Collected data entries:
************
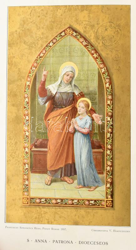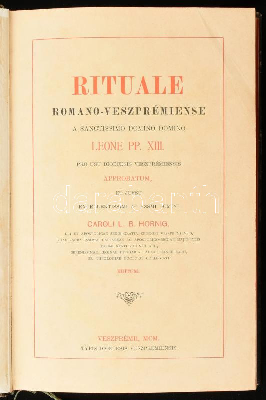 Rituale Romano-Veszprémiense. Szerk.: Caroli L. B. Hornig. [Hornig Károly (1844-1917) báró, veszprémi püspök, bíboros]. Veszprém, 1900, Typis Diocesis Veszprémiensis, 1 (színes) t. + VIII+476 p. Latin nyelven. Kiadói aranyozott egészbőr-kötés, Gottermayer-kötés, festett lapélekkel, kissé sérült, kopottas borítóval, helyenként kissé foltos lapokkal. Ritka!
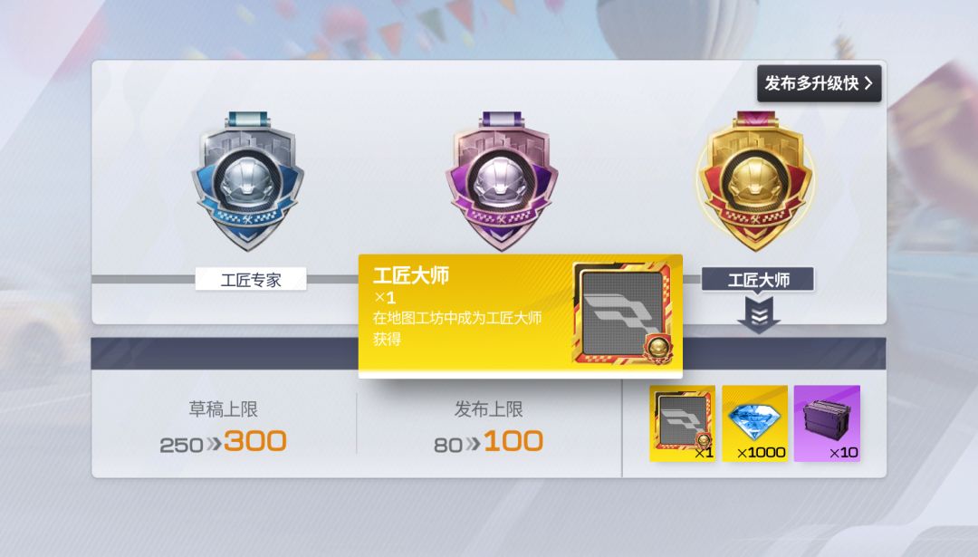 同时发布作品数累计到一定数量还能获得专属头像框和钻石奖励,每周官方都会统计优秀作品并给对应创作者发放钻石奖励,地图游玩人数越多,奖励越丰厚哦~
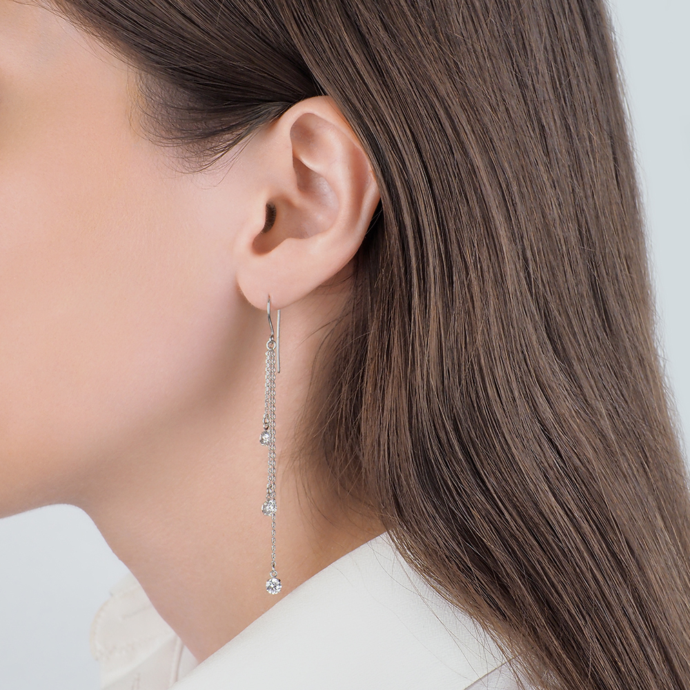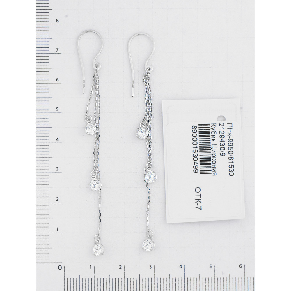 Ювелир Карат Серьги серебряные длинные цепочки с фианитами, серебро 925
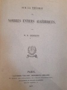 Sur la théorie des nombres entiers algébriques. Paris, Gauthier-Villars, 1877. In-8, bradel demi-percaline avec coins, titre au dos (Reliure de l'époque).
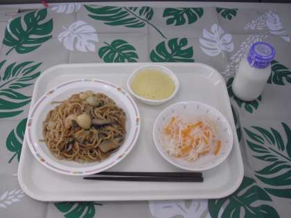 11月27日(火)メニューは、五目焼きそば、大根の甘辛漬、マーラーカオ、牛乳です。
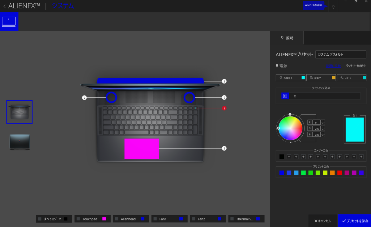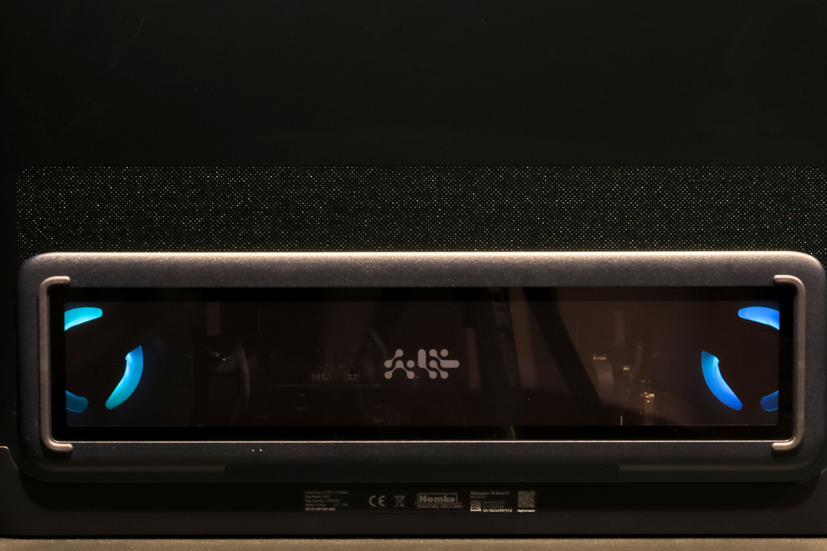 また、「AlienFXファン」は冷却の役割を持ちながら、RGBライティングが施されています。筐体底面の透明なGorilla Glass窓越しに、その光が映り込むよう設計されており、冷却状態を視認できるのが非常にゲーミングマシンぽくてかっこいい仕上がりになってました。
************
(The problem) Please copy exactly the lines from the one containing "11月27日(火)メニューは" through the last line of the records above, both included, and leave out any pictures.

(Response area)
 11月27日(火)メニューは、五目焼きそば、大根の甘辛漬、マーラーカオ、牛乳です。
 また、「AlienFXファン」は冷却の役割を持ちながら、RGBライティングが施されています。筐体底面の透明なGorilla Glass窓越しに、その光が映り込むよう設計されており、冷却状態を視認できるのが非常にゲーミングマシンぽくてかっこいい仕上がりになってました。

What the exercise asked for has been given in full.